Conditional path sampling of stochastic differential equations by drift relaxation

TL;DR

This paper introduces a novel algorithm for efficiently sampling conditional paths of SDEs by gradually modifying the drift term, improving filtering and smoothing in high-dimensional stochastic systems.

Contribution

It proposes a drift relaxation method combined with MCMC to sample conditional SDE paths, enhancing performance over traditional methods.

Findings

Algorithm improves sampling efficiency for conditional SDE paths.

Method enhances particle filter performance in filtering tasks.

Numerical experiments demonstrate effectiveness in stochastic filtering.

Abstract

We present an algorithm for the efficient sampling of conditional paths of stochastic differential equations (SDEs).
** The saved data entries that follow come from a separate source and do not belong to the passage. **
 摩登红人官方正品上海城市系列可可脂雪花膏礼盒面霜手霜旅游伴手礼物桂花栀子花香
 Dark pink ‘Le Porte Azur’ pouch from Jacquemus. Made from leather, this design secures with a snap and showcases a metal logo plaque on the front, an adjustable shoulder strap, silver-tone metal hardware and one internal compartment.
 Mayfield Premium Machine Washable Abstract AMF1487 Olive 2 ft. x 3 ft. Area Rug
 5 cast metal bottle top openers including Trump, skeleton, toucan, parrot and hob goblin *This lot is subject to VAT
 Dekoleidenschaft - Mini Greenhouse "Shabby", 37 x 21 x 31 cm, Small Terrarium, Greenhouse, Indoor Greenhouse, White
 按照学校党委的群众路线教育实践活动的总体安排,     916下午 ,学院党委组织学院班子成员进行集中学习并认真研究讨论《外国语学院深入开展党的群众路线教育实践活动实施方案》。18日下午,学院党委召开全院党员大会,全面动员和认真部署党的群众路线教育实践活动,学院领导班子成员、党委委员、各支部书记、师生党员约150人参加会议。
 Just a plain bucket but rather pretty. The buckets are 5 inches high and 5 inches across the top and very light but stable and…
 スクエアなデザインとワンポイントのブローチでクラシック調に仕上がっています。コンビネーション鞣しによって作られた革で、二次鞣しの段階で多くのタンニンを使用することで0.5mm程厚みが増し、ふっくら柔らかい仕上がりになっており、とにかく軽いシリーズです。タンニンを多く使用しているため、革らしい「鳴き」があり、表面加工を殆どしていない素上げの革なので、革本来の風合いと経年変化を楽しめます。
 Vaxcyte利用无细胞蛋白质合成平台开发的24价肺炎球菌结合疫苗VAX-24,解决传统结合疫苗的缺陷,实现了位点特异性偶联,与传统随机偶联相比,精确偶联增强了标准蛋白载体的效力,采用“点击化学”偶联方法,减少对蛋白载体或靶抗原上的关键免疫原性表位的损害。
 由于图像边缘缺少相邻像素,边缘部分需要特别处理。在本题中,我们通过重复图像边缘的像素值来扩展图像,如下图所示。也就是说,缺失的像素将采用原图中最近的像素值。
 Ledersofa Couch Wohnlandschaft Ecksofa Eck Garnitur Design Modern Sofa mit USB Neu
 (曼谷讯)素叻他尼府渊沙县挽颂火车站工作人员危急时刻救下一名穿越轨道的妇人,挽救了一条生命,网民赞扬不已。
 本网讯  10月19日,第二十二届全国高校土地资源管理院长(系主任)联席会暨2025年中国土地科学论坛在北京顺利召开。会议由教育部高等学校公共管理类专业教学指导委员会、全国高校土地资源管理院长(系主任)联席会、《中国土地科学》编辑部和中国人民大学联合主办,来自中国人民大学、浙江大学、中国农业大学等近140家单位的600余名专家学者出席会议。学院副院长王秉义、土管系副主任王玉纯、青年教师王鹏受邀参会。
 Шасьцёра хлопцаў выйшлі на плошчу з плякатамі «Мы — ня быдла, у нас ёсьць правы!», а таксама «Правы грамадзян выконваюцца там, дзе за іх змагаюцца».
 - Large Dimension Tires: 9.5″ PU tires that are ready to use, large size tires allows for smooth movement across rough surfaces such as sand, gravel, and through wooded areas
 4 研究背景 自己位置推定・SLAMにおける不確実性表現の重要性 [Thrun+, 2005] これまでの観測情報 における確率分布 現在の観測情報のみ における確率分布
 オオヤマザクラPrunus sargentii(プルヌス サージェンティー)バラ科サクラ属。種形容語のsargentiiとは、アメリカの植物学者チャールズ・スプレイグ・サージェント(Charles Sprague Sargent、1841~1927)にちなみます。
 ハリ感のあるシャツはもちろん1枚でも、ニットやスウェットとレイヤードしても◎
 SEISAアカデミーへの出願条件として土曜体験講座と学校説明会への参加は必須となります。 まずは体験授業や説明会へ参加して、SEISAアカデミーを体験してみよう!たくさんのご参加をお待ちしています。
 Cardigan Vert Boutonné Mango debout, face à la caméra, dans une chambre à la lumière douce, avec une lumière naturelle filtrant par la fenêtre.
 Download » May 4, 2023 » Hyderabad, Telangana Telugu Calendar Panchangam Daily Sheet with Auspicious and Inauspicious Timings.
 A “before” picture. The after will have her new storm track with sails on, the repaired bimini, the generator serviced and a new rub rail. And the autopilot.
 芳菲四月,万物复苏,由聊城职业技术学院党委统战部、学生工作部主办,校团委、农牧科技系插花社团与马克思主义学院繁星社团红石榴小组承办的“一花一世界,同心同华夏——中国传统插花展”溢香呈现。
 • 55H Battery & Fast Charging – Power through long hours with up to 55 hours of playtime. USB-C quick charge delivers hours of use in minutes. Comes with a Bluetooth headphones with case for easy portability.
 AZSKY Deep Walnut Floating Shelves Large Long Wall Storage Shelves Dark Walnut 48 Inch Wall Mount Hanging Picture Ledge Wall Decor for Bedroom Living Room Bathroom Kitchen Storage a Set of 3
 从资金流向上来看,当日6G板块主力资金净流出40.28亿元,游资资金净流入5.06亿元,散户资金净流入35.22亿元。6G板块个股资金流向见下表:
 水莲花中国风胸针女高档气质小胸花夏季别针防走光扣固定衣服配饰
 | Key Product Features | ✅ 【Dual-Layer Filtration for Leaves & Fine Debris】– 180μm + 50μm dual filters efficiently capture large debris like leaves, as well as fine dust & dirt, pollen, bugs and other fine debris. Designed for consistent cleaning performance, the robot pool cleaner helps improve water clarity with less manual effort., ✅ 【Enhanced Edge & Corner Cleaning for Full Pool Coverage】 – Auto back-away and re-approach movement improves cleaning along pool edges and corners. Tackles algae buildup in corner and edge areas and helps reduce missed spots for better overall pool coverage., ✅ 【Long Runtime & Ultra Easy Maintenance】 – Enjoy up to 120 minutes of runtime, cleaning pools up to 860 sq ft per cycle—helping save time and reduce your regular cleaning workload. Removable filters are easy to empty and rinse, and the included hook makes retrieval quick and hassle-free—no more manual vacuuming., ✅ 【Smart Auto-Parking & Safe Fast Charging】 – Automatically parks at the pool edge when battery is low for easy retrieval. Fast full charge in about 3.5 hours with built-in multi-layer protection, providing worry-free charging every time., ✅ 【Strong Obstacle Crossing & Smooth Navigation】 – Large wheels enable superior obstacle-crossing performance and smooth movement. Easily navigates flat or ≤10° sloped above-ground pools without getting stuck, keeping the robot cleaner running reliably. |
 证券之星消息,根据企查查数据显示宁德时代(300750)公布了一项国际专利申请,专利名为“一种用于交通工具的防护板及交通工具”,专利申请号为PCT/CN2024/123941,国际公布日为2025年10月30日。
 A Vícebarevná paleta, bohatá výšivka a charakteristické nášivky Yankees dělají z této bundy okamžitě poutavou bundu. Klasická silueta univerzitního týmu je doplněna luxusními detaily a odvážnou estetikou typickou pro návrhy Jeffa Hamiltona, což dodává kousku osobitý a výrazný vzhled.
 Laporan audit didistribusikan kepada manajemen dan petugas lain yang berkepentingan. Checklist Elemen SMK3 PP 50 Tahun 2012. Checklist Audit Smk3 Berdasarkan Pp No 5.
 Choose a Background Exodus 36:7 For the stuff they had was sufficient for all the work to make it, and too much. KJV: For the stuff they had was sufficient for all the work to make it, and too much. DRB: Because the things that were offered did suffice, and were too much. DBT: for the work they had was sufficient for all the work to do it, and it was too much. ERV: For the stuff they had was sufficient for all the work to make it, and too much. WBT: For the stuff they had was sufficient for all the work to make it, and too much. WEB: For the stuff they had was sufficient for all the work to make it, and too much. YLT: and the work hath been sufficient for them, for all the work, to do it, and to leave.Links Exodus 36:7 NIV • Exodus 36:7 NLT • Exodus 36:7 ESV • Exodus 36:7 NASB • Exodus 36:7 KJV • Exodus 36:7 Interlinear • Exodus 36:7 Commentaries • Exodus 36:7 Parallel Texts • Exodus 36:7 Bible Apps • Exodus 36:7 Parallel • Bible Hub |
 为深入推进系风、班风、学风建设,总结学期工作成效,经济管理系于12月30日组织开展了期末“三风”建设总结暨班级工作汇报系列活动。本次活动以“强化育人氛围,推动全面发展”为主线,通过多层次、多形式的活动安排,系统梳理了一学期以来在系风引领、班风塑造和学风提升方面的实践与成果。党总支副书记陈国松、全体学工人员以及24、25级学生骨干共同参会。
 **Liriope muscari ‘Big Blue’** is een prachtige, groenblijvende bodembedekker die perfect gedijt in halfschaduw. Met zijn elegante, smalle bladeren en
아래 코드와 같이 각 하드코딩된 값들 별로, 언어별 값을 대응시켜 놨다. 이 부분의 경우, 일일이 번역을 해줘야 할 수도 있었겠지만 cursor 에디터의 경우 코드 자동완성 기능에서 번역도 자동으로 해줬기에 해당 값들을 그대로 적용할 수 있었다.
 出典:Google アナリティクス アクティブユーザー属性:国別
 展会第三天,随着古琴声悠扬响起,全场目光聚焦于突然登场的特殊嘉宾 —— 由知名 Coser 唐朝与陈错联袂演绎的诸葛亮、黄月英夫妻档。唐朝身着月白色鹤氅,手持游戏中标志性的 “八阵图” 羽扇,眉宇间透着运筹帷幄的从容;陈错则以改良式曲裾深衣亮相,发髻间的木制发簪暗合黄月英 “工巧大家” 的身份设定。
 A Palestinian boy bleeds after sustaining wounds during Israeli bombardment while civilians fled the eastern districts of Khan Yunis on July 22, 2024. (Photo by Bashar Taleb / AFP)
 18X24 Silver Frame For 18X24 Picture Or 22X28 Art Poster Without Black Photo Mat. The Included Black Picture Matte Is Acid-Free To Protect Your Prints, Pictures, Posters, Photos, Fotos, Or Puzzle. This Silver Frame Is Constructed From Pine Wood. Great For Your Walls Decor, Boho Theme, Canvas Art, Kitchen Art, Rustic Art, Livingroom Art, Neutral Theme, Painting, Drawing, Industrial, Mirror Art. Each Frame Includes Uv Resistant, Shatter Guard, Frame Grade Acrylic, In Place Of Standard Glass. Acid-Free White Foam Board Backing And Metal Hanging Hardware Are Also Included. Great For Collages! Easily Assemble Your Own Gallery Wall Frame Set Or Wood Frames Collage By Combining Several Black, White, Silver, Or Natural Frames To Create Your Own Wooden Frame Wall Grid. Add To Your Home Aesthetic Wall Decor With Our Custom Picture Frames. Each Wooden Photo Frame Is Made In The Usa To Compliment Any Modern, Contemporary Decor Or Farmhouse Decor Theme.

While unconditional path sampling of SDEs is straightforward, albeit expensive for high dimensional systems of SDEs, conditional path sampling can be difficult even for low dimensional systems. This is because we need to produce sample paths of the SDE which respect both the dynamics of the SDE and the initial and endpoint conditions. The dynamics of a SDE are governed by the deterministic term (drift) and the stochastic term (noise). Instead of producing conditional paths directly from the original SDE, one can consider a sequence of SDEs with modified drifts. The modified drifts should be chosen so that it is easier to produce sample paths which satisfy the initial and endpoint conditions. Also, the sequence of modified drifts converges to the drift of the original SDE. We construct a simple Markov Chain Monte Carlo (MCMC) algorithm which samples, in sequence, conditional paths from the modified SDEs, by taking the last sampled path at each level of the sequence as an initial condition for the sampling at the next level in the sequence. The algorithm can be thought of as a stochastic analog of deterministic homotopy methods for solving nonlinear algebraic equations or as a SDE generalization of simulated annealing. The algorithm is particularly suited for filtering/smoothing applications. We show how it can be used to improve the performance of particle filters. Numerical results for filtering of a stochastic differential equation are included.